Back to School: the First Six Points



As referred to in Friday’s post, here’s the first half of my twelve-point outline which I propose after having innumerable conversations with parents, education leaders, and school board members.  I welcome input on this discussion and we will collectively put more meat on the bones in coming weeks:

1. We create a strong relationship between the elected leaders of the Seattle Public Schools and the City of Seattle. The Seattle City Council, the Mayor, and the elected School Board members must build strong relationships with each other and Seattle’s School Superintendent.  A commitment will be made to share information and resources to answer one question. How do we make Seattle Public Schools the place where parents want to enroll their students because this is where their students will receive the best public education?

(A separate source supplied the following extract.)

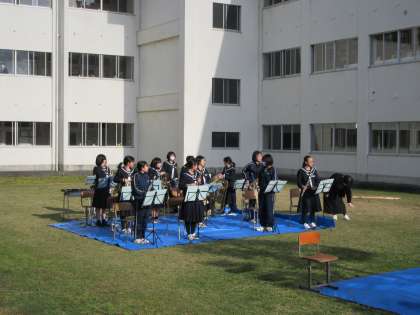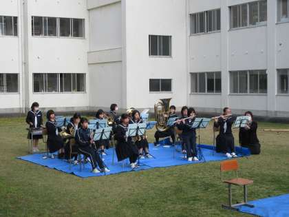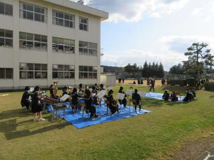 4月9日(金)「吹奏楽部 演奏会」 公開日 2021/04/10 更新日 2021/04/10 部活動 放課後、吹奏楽部が1年生の勧誘を兼ねて演奏会を行いました。 美しい音色が校庭に響きわたり、部活動の練習を一時止めて聴いていました。

2. Coordinate Schools and City Resources.  The City of Seattle and the School District should identify ways to better coordinate our resources. Seattle has parks, museums, and police.  The School District has approximately 90 active schools and 120 properties.  The lessons we are learning from the Seattle Youth and Families Initiative  must be applied in all neighborhoods.  For example, how can our schools have expanded hours for before and after school care and special programming?  And as strategies are considered for expanded school day/year schedules, the City should consider where expenditure decisions best align with the School District’s Strategic Plan.  

3. Curriculum for all students.  As a city, we must recognize that a large percentage of our students transfer between schools during the year.  Continuity of education — let alone holding on to self esteem among a new group of peers — can be a struggle for these students. We will encourage the efforts of organizations such as Alliance for Education to align the basic curriculum, which provides continuity of learning material for students who transfer.  Alignment of curriculum supports students while providing space for teachers to creatively teach.  Simultaneously, we must allow teachers the flexibility to use their own creativity to teach the material in a way they know best.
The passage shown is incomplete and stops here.